An offshoot of the Clinical Bioinformatics Summit held last year in Boston, the CLARITY Challenge is a contest initiated by Children’s Hospital Boston. The Challenge is designed to help advance standards for genomic analysis and interpretation in order to accelerate the use of genomic information to guide patient care.

The Challenge is led by a multidisciplinary team of world-class clinical researchers and bioinformatics specialists from Children’s Hospital Boston and Harvard Medical School.

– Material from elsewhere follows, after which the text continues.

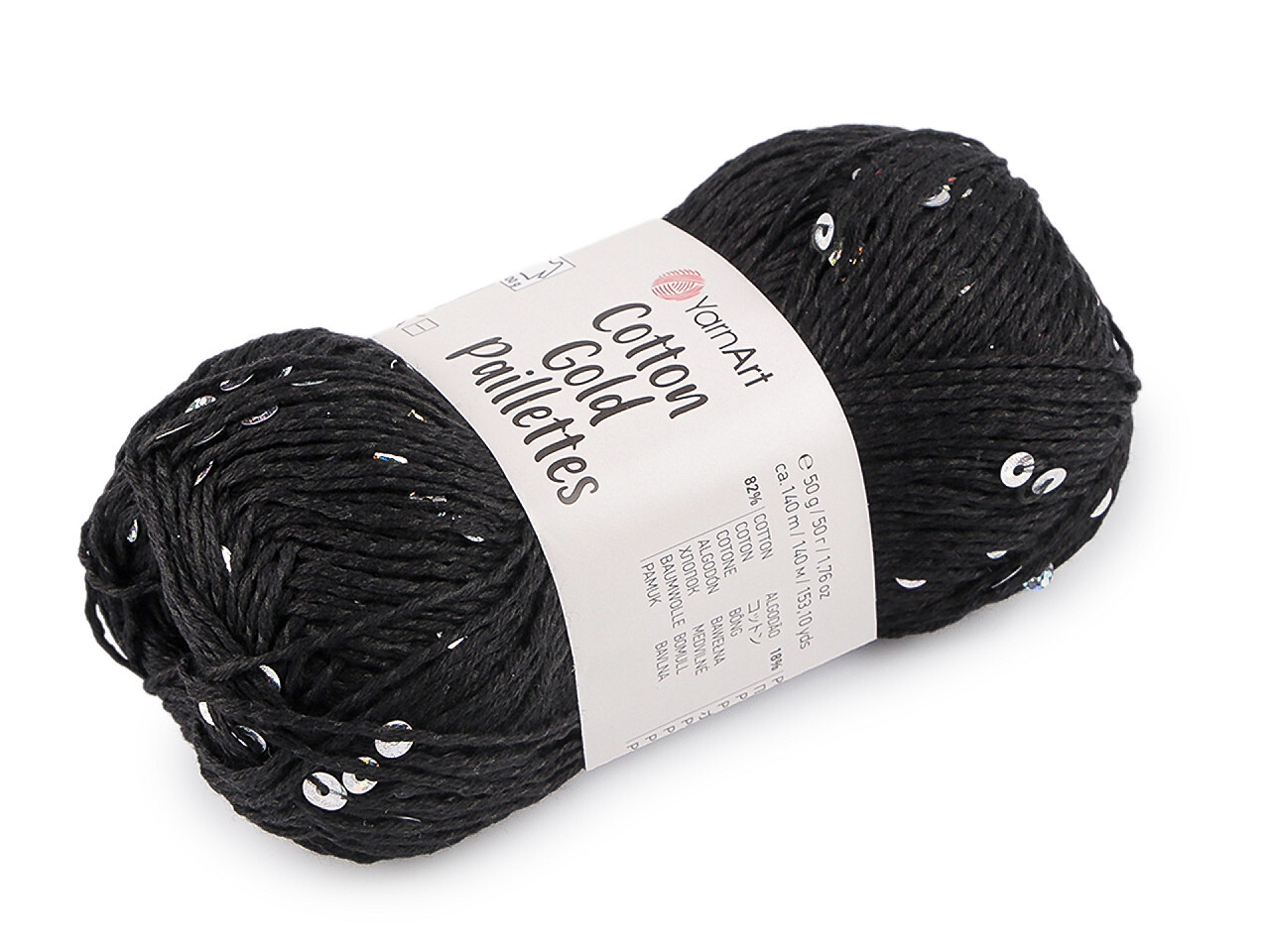 Pletací příze Cotton Gold Paillettes s flitry 50 g - 1 ks - 5 (7101) černá stříbrná

Through the competition, academic and commercial researchers from around the world will compete to discover the unknown genetic basis of the disorders faced by three pediatric patients by using whole genome (and/or exome) sequencing and delivering information that is understandable to physicians and, ultimately, useful for guiding patient care.

The Manton Center for Orphan Disease Research at Children’s Hospital Boston has identified three families with clinical manifestations and pedigrees that suggest a genetic basis for their disorders. The genomes of all three families (children and parents) will be sequenced (whole genome and/or exome) and provide the starting point of the Challenge, where participants – working either independently or on teams – will be tasked with working toward an analysis, interpretation, and report suitable for use in a clinical situation.

The Institutional Review Board (IRB) at Children’s Hospital Boston has approved a protocol for the Challenge through which competitors will be able to access the de-identified materials of the three families.